*** Opening of Material to process ***
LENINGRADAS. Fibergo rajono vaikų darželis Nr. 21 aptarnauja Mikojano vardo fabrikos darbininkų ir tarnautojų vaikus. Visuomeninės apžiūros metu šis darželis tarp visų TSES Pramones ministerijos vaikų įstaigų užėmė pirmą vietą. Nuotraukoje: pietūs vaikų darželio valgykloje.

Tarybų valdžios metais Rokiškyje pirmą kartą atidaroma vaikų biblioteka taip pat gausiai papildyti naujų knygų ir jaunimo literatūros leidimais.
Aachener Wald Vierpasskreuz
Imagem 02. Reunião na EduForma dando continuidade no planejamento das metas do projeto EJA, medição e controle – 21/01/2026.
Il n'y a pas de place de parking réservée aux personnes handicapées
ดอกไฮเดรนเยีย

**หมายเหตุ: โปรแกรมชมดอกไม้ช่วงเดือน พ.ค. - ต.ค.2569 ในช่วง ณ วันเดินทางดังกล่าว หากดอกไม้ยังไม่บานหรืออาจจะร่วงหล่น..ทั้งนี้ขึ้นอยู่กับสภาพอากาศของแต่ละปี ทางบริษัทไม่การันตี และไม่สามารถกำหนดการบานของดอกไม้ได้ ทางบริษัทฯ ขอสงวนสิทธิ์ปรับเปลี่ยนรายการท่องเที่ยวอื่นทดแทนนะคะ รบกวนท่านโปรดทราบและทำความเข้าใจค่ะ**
*** Close of Material to process ***
*** Opening of Material to process ***
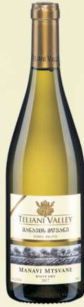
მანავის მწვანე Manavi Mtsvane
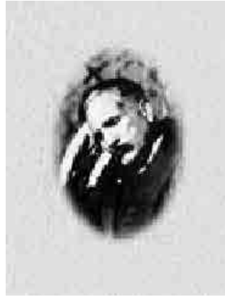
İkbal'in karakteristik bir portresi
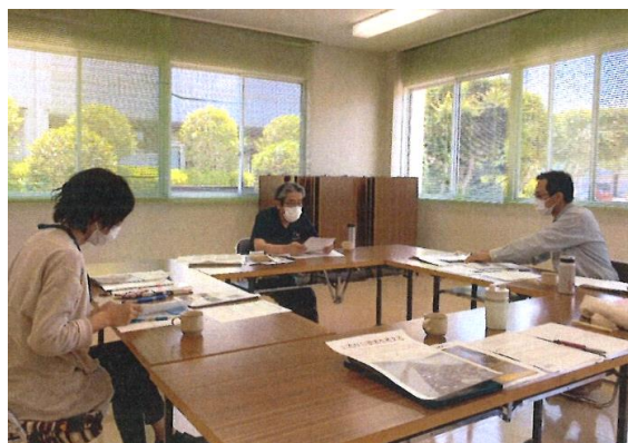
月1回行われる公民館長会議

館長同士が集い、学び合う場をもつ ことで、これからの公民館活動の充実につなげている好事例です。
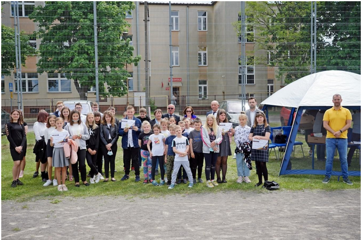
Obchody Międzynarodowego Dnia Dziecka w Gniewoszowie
*** Close of Material to process ***
**What to do**
In the records above, find every line containing the word "vaikų" and show it.

**Answer**
LENINGRADAS. Fibergo rajono vaikų darželis Nr. 21 aptarnauja Mikojano vardo fabrikos darbininkų ir tarnautojų vaikus. Visuomeninės apžiūros metu šis darželis tarp visų TSES Pramones ministerijos vaikų įstaigų užėmė pirmą vietą. Nuotraukoje: pietūs vaikų darželio valgykloje.
Tarybų valdžios metais Rokiškyje pirmą kartą atidaroma vaikų biblioteka taip pat gausiai papildyti naujų knygų ir jaunimo literatūros leidimais.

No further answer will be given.